= Accommodation reflex =

Reflex action of the human eye

Light from a single point of a distant object and light from a single point of a near object being brought to a focus.

The accommodation reflex (or accommodation-convergence reflex) is a reflex action of the eye, in response to focusing on a near object, then looking at a distant object (and vice versa), comprising coordinated changes in vergence, lens shape (accommodation) and pupil size. It is dependent on cranial nerve II (afferent limb of reflex), superior centers (interneuron) and cranial nerve III (efferent limb of reflex). The change in the shape of the lens is controlled by ciliary muscles inside the eye. Changes in contraction of the ciliary muscles alter the focal distance of the eye, causing nearer or farther images to come into focus on the retina; this process is known as accommodation.

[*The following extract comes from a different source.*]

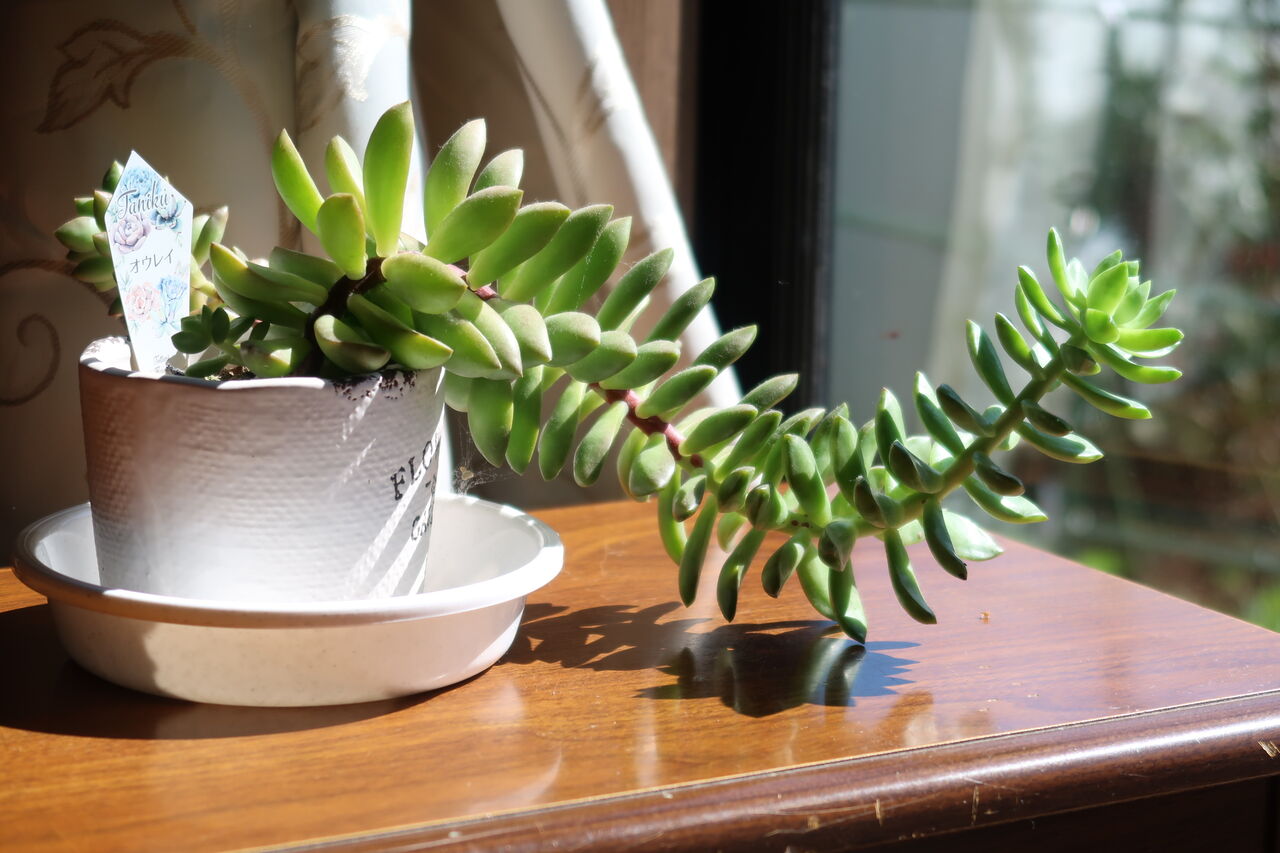 オウレイ は葉が落ちず、部屋に入れても変化ありません。少しずつ伸びています。子株が脇から出ています。手間いらずの多肉です。外では葉の色が悪くなったので最低気温が+5度を目安に入れました。

The reflex, controlled by the parasympathetic nervous system, involves three responses: pupil constriction, lens accommodation, and convergence.

A near object (for example, a computer screen) subtends a large area in the visual field, i.e. the eyes receive light from wide angles. When moving focus from a distant to a near object, the eyes converge. The ciliary muscle constricts making the lens thicker, shortening its focal length. The pupil constricts in order to prevent strongly diverging light rays hitting the periphery of the cornea and the lens from entering the eye and creating a blurred image.

==Pathway==
Information from the light on each retina is taken to the occipital lobe via the optic nerve and optic radiation (after a synapse in the lateral geniculate body of the posterior thalamus), where it is interpreted as vision. The peristriate area 19 interprets accommodation, and sends signals via the Edinger-Westphal nucleus and the 3rd cranial nerve to the ciliary muscle, the medial rectus muscle and (via parasympathetic fibres) the sphincter pupillae muscle.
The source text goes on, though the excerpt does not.